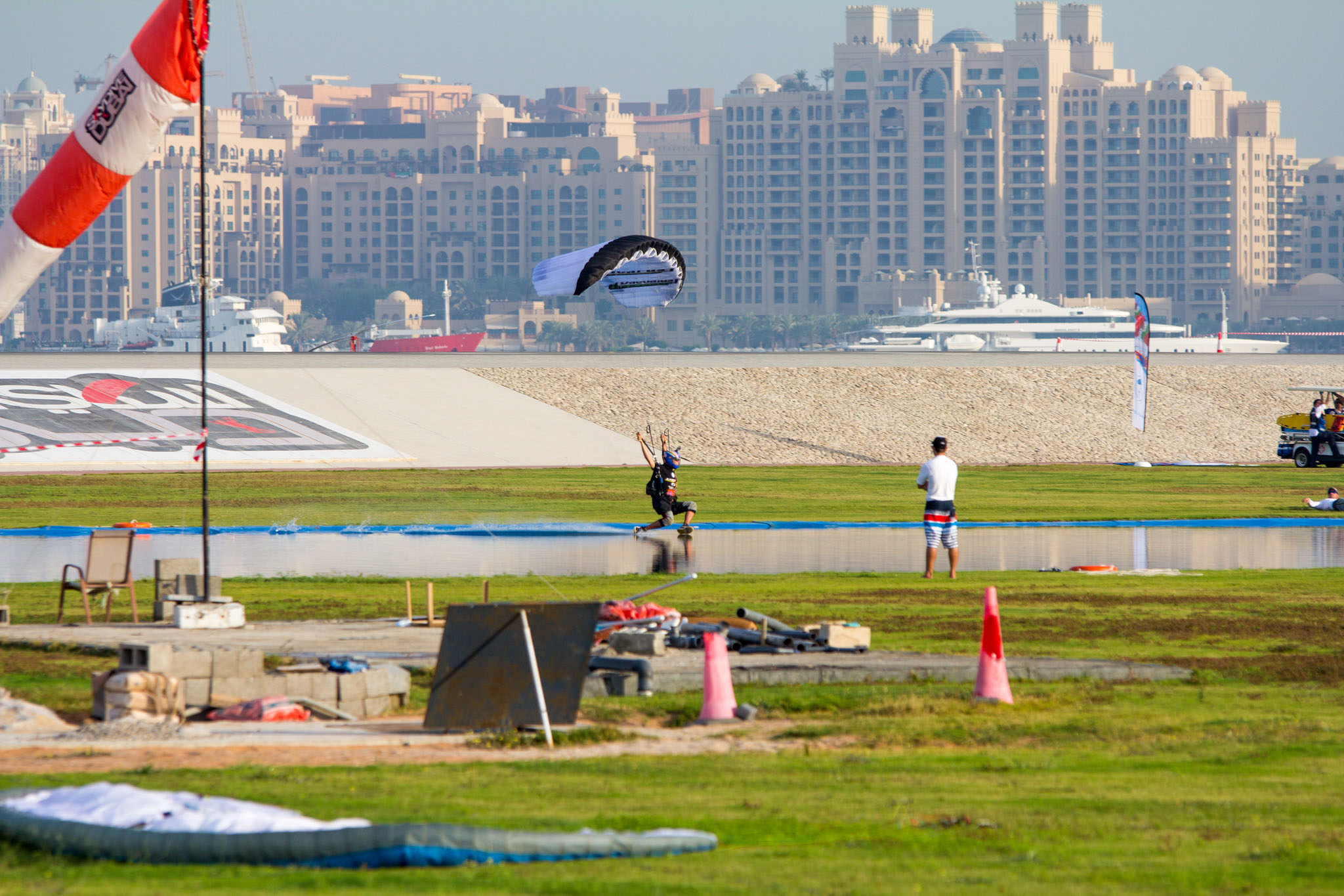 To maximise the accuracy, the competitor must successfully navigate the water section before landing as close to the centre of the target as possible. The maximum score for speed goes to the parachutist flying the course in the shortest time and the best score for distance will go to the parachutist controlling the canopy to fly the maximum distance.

•••••

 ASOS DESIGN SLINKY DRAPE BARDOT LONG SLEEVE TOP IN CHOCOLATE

•••••

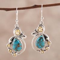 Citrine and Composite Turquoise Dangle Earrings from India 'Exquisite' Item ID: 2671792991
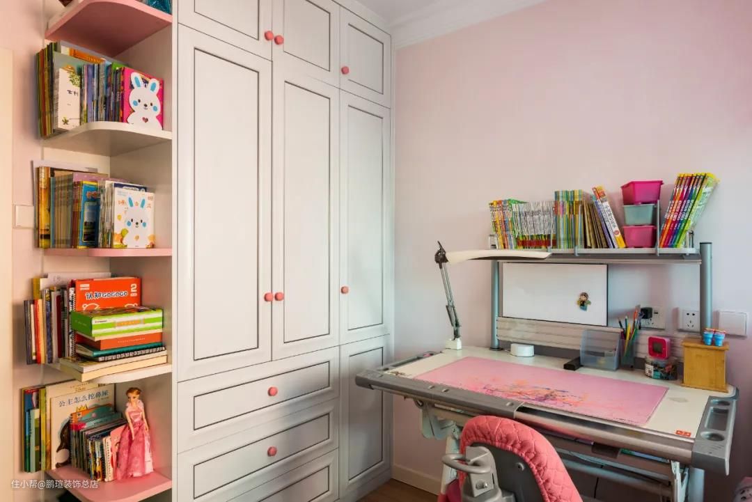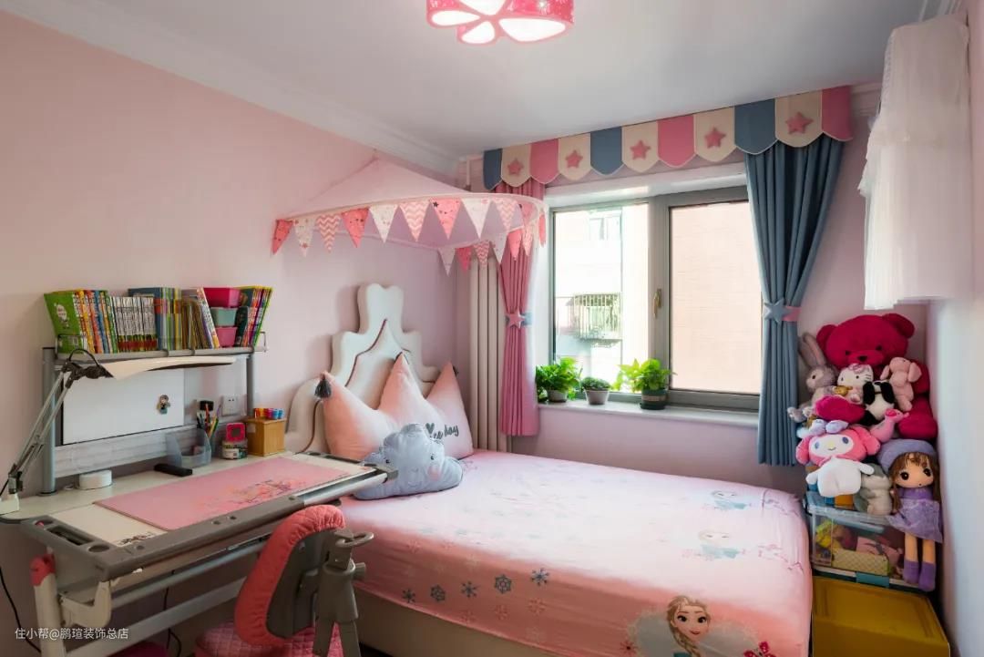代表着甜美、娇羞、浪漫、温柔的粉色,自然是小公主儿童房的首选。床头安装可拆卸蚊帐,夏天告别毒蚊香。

•••••

■ The problem
With the pictures removed, print only the lines starting at the line that has "Citrine and Composite" and ending at the line that has "代表着甜美、娇羞、浪漫、温柔", both ends included, exactly as they stand above.

■ Problem solution
 Citrine and Composite Turquoise Dangle Earrings from India 'Exquisite' Item ID: 2671792991
代表着甜美、娇羞、浪漫、温柔的粉色,自然是小公主儿童房的首选。床头安装可拆卸蚊帐,夏天告别毒蚊香。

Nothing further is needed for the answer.